In the case of the stock market, there are many people involved. They know about the flow of money and ownerships and adjust their actions accordingly. So when other traders are mostly selling, each trader begins to experience an expectation that future prices are going to go down and this makes each trader more likely to sell. The emotions of the other traders on the floor of the exchange also affect traders giving them an incentive to do what the others are doing. Note that this works for both a falling (bear) market and a rising (bull) market.
Outside the stock market, people judge the value of their assets based, in part, upon the current prices for stocks being sold. This has affects on the behavior of those stock owners. When the market is falling investors tend to cut back on their spending. This reduces many companies’ sales which in turn reduces their profits and the dividends the stocks of those companies pay. That in turn tends to reduce the prices of those stocks.
Each element in the feedback loop is aligned such that increases in one element generate increases in the other elements.
Therefore, the mere fact that the market is falling, though completely irrelevant at the physical level to the amount of goods and services an economy is physically able to produce has a huge effect on the amount of products actually produced for purely psychological reasons.
One of these feedback loops related to the stock market is the willingness of people to make loans. Banks and other lending institutions will not loan money when they feel that the borrower might not be able to repay the loan and doesn’t have enough assets to cover the amount loaned. When prices are falling, banks see non-money assets as being less valuable (with the value expressed as dollars) and stop loaning. This in turn, reduces the ability of businesses to hire and to produce products. That, in turn, reduces the amount of money they and their employees can spend.

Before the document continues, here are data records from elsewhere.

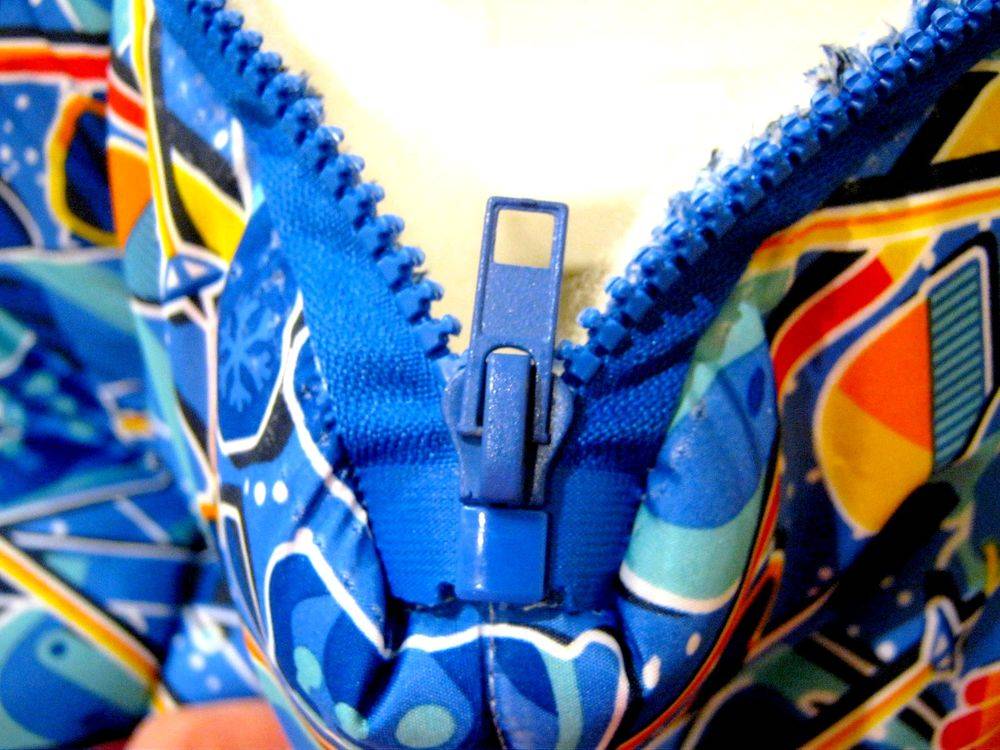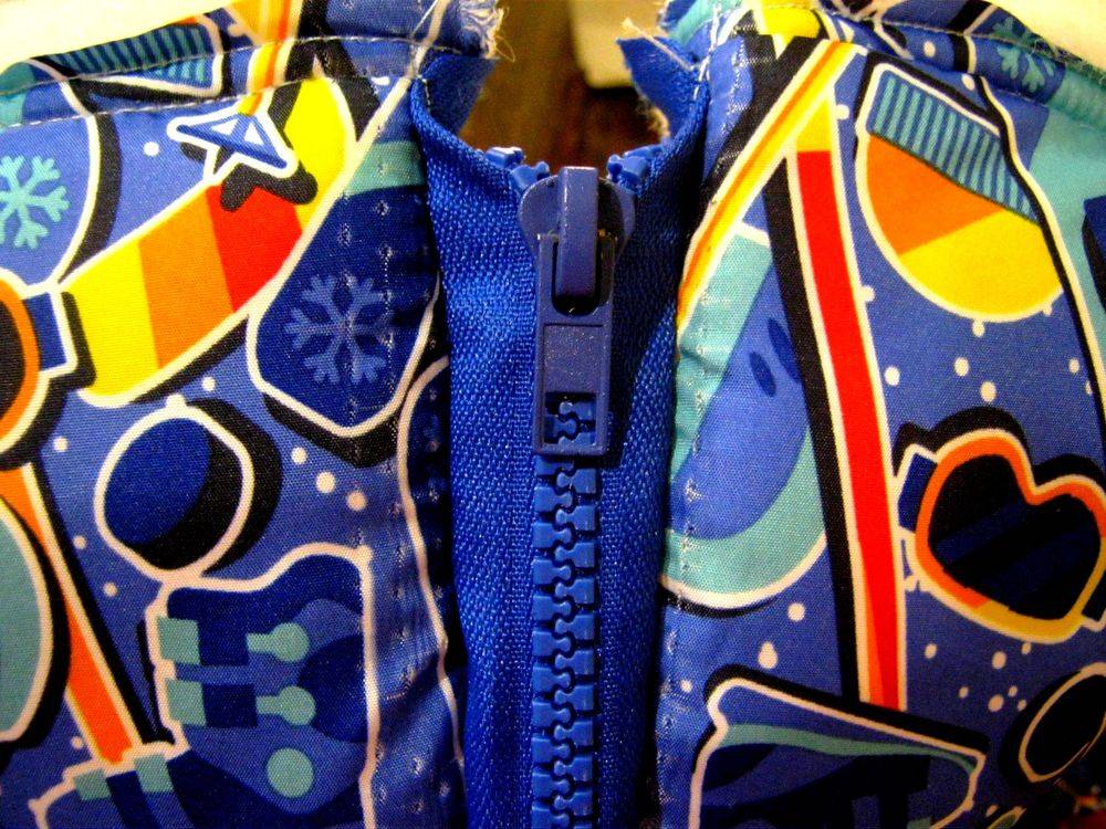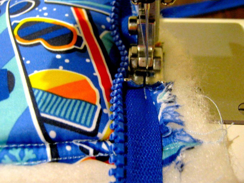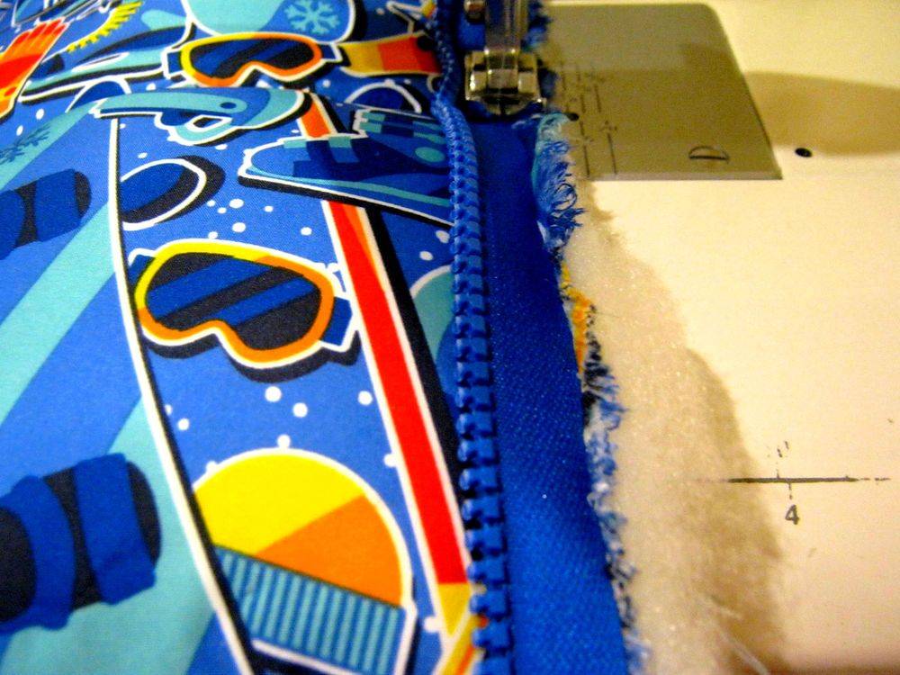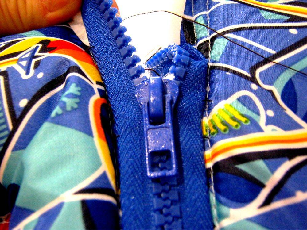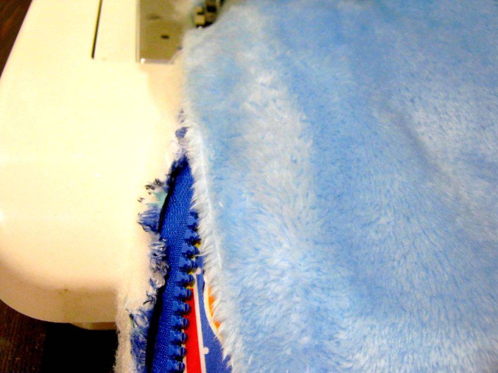 - осталось вшить молнию: разъемную внизу в районе ножек малыша, обычную – вверху для присоединения капюшона.
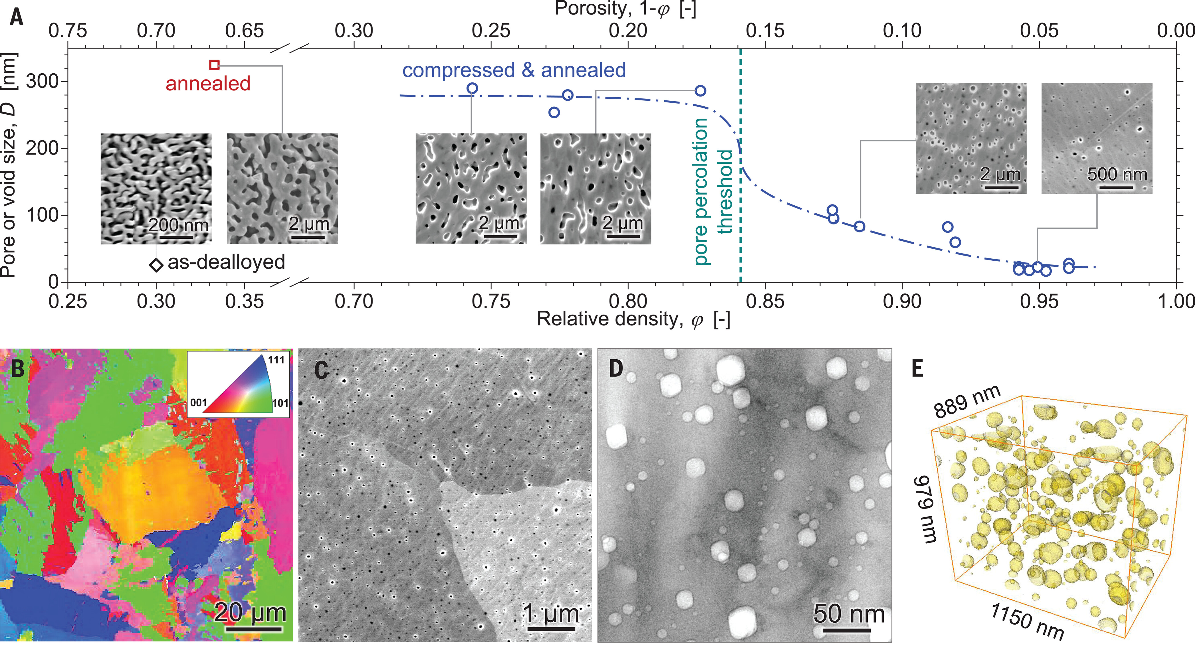 基于以上研究背景,中科院金属所金海军教授(通讯作者)等人发现当金属中的孔隙收缩到亚微米或纳米尺度时,分散的纳米孔可以在减轻重量的同时,增加材料的强度和延展性。他们通过一系列加工过程,包括腐蚀、压缩和热退火,将纳米孔隙引入纯金中,为开发新型轻质、高性能材料提供了一种廉价、环保的方法。相关研究成果以“Strengthening gold with dispersed nanovoids”为题发表在最新Science期刊上。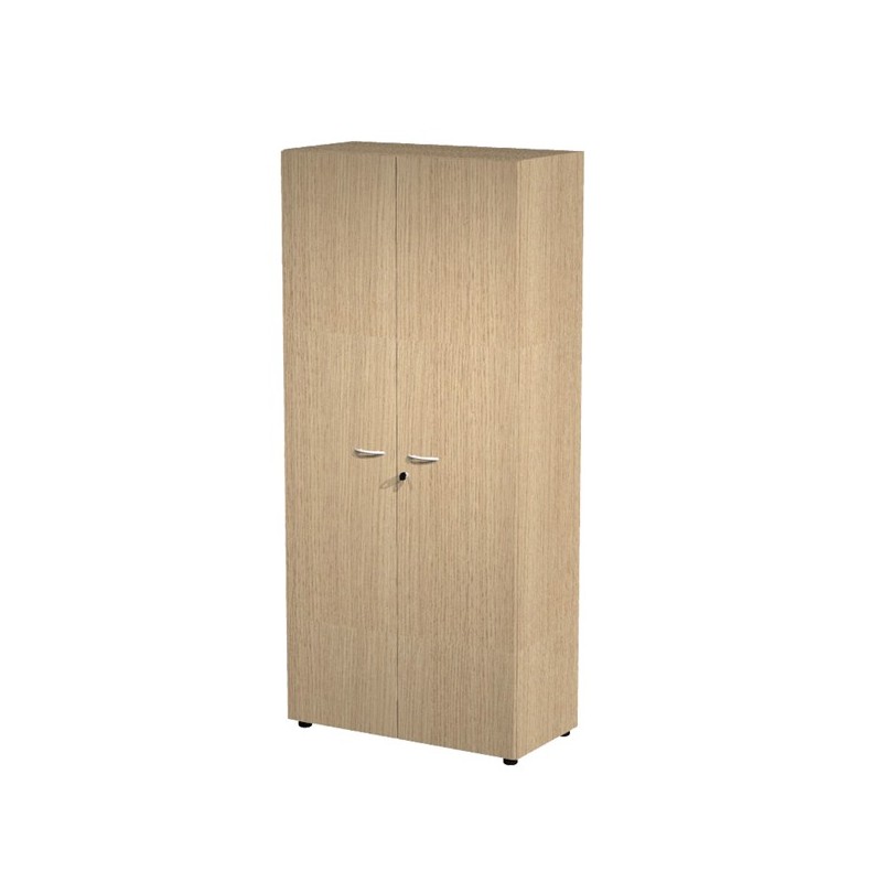 Armadio a 2 ante battenti alte con serratura. 3 ripiani spostabili + 1 fisso. Dimenzioni: L90 x P45,8 x H200 cm. Linea di armadi componibile particolarmente robusti e stabili, costituiti da struttura alta 200cm e completabili con sopralzo alto 40cm. Grande profondità di 46cm e larghezza di 90 cm. Struttura spessore 18mm. Lato posteriore rifinito da ambo i lati con pannello rigido in spessore 10 mm. Ripiani interni in sp. 25mm. Piedini regolabili per la massima stabilità.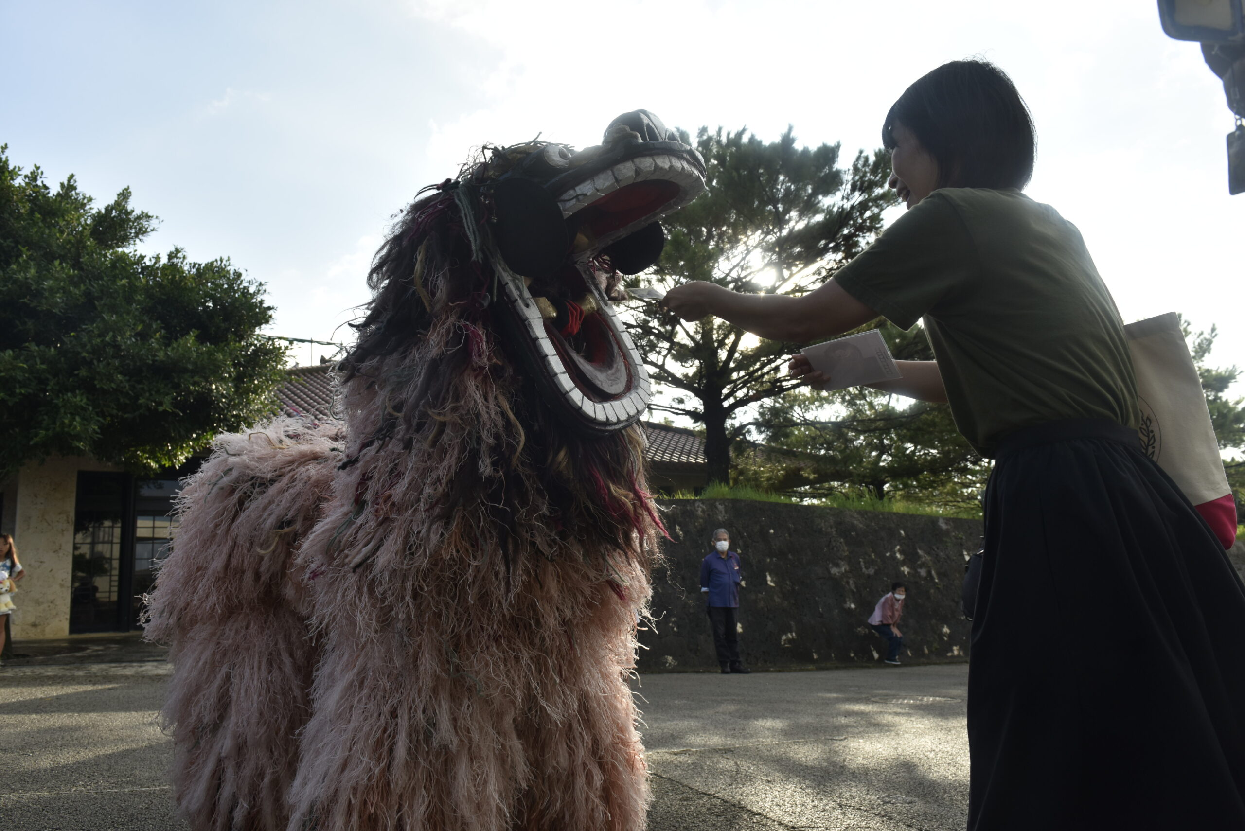 道中獅子に頭を噛んでもらう時間があり、時にはギャーと泣き叫ぶ子どももいて、子どもには怖いよなということを改めて感じた。沖縄特有の細い路地を大きな獅子舞がぐんぐん進んでいき、向こうから来る車やら人を通せんぼしている姿が印象的だった。家周りの時に玄関先で封筒に包まれたご祝儀が獅子の口に入れられて、それによって舞ってくれるという場合と、通りすがりの人、例えば車から降りて封筒を渡す人なども見られて気軽にご祝儀を渡している感じがとても良かった。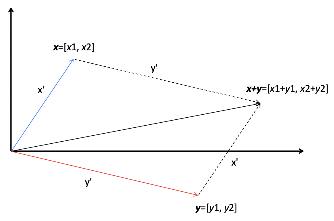 在这张图中,有两个向量x和y,它们的长度分别是x’和y’,它们的相加结果是x+y,这个结果所对应的点相当于x向量沿着y向量的方向移动y’,或者是y向量沿着x向量的方向移动x’。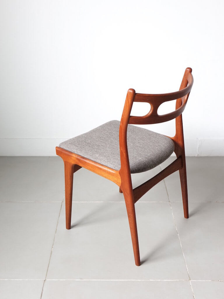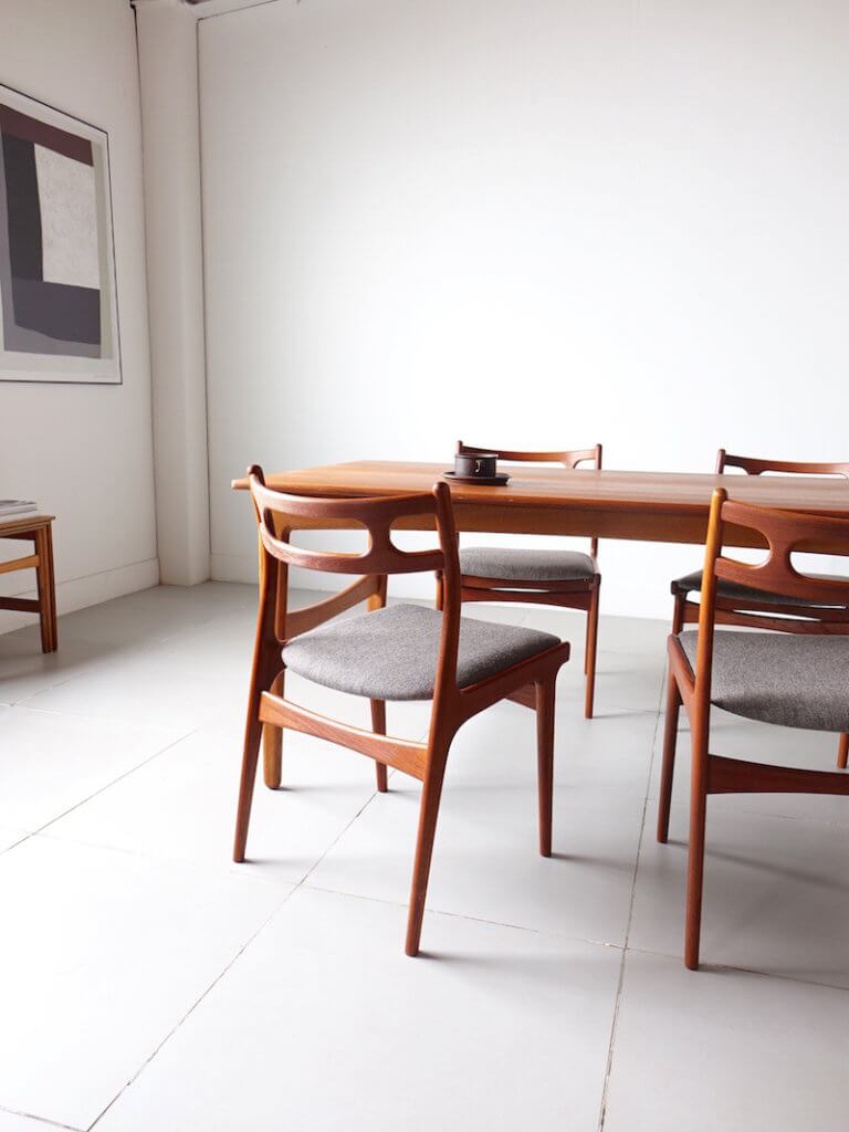 1967年にJohannes Andersen(ヨハネス・アンダーセン)がデザインを手掛けたUldum Mobelfabrik製のヴィンテージダイニングチェア。アンダーセンの特徴的な曲線がふんだんに落とし込まれた、エレガントでとても綺麗なフォルムを持った椅子です。ファブリックにはデンマークの老舗メーカーケアロップ社の落ち着いたグレーを採用。経年変化したチーク材と共にミッドセンチュリーの雰囲気を存分にお愉しみ頂ける仕上がりとなりました。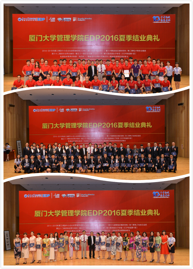 在厦门大学管理学院EDP成立十周年之际,又一批企业家学员顺利结业,即将走出校园。在美丽的芙蓉湖畔科学艺术中心满堂祝福语,只赠学子行。7月15日这天下午,厦门大学管理学院EDP2016年夏季结业典礼如期举行。厦门大学管理学院副院长戴亦一教授、党委副书记李峰老师、管理学院EDP中心主任朱平辉教授、副主任陈萍老师、刘端填老师、兴业证券财富管理学院副院长阮国男先生、福建傲农生物科技集团股份有限公司集团副总裁叶俊标先生、厦门大学管理学院EDP校友会常务副会长唐桂英女士、副会长陈寿睦先生、副会长张明辉先生以及各班班主任出席典礼,并与结业学员们共同见证了这一激动又难忘的时刻。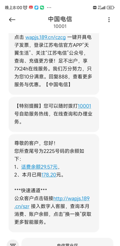 电信短信查询话费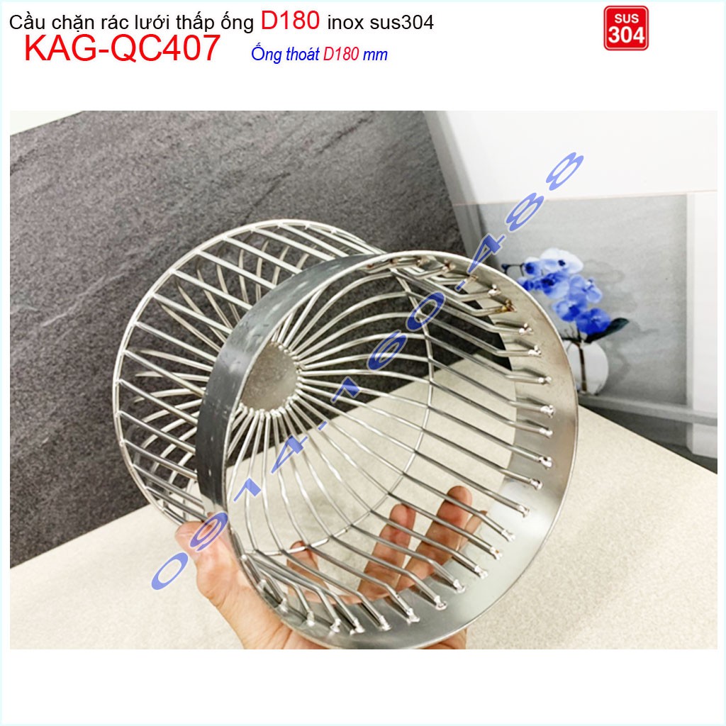 Cầu chắn rác lưới đế thấp KAG-QC407 -ống D180, Cầu thoát nước mưa SUS304 inox dày cao cấp
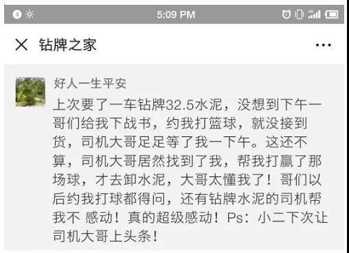 “好人一生平安”留言稱,說他因?yàn)榇蚯虻⒄`了收貨,司機(jī)大哥不僅等著他,還幫他打贏了球賽,才去卸水泥,哥們以后約我打球都問,還有鉆牌水泥的司機(jī)幫忙嗎,真的超級(jí)感動(dòng)。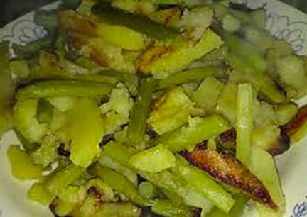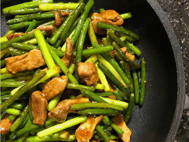 - Gebakken knoflookpijlen met varkensvlees zijn klaar.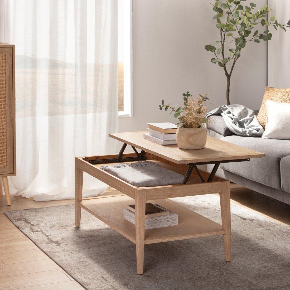 Table basse relevable en bois naturel 100x45 cm-Mara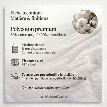 Le polycoton combine la douceur naturelle du coton à la souplesse des microfibres pour un confort adapté à toutes les saisons.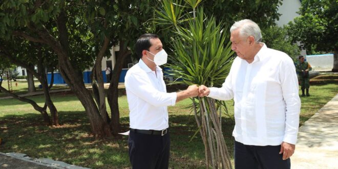 Mérida, Yucatán, 10 de julio de 2021.- El Gobernador Mauricio Vila Dosal se reunió este día con el presidente Andrés Manuel López Obrador, quien realiza en Yucatán una supervisión aérea de los tramos 3 Calkiní-Izamal y 4 Izamal-Cancún del proyecto del Tren Maya que se desarrollan en territorio estatal.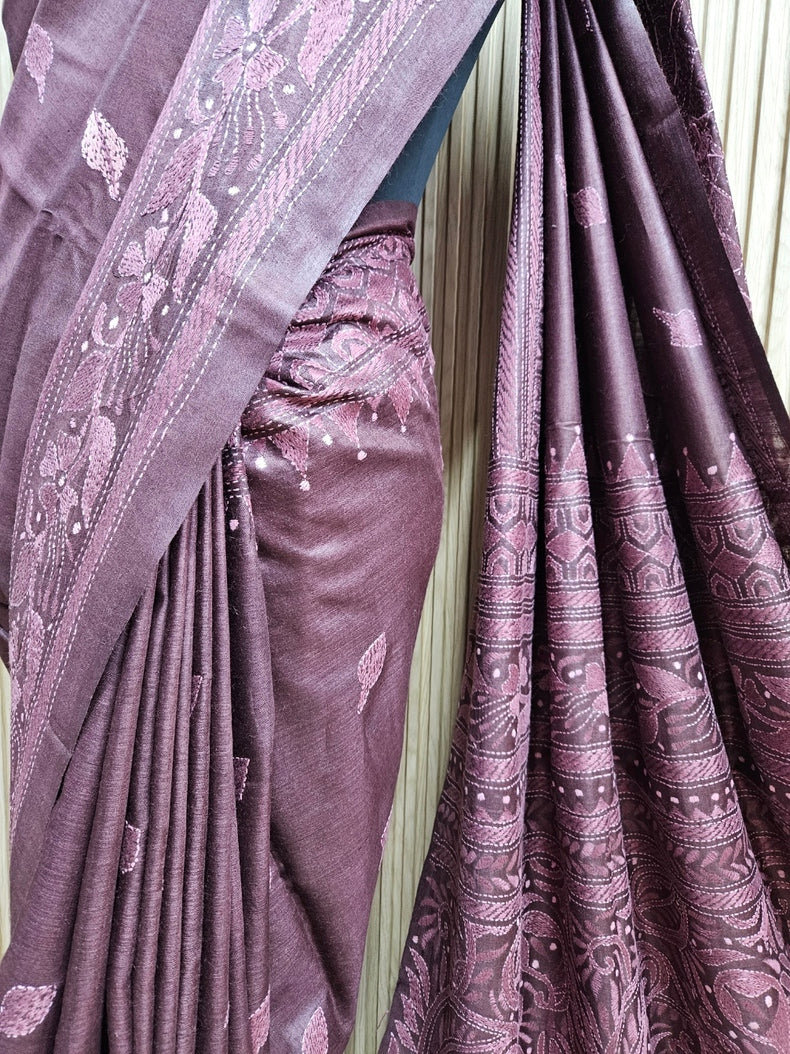 Discover the Timeless Elegance of this exquisite Tussar Kantha Silk Saree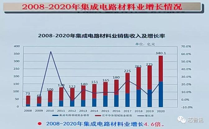 在集成電路材料產(chǎn)業(yè)方面,2020年國(guó)內(nèi)集成電路材料產(chǎn)業(yè)銷(xiāo)售規(guī)模為340.1億元,相比2008年增長(zhǎng)了超過(guò)4.6倍。

Their reduction in spending reduces the sales of other companies which puts more downward pressure on prices for other products which lowers the value of those products as assets.
To review, the feedback loops in a POM economy exist because while production processes move goods and services in one direction there is a corresponding flow of money in the other direction. This means that at every stage in all production processes, the right amount of money must be available to flow in the other direction just sufficient to balance the perceived value of the goods and services produced. These flows of money and products constitute feedback loops. And because the POM supply is independent of the goods and services for sale, that feedback from the money can easily get out of balance, either too much (inflation) or too little (deflation/depression) and one gets a boom or a bust. When the supply of money is expanding, it tends to expand to excess due to the reinforcing nature of the feedback loops and creates inflation. When the supply of money is contracting, as it is doing these days, it tends to contract to excess due to the feedback loops and suppresses production.
What can be done about it? Nothing, so long as the economy uses a physical object money. A POM is uncontrollable. Therefore, nothing can prevent the markets from being disrupted by events. Sooner or later, given a POM and human nature, events will conspire to produce either destructive inflation or deflation despite even a government’s best efforts.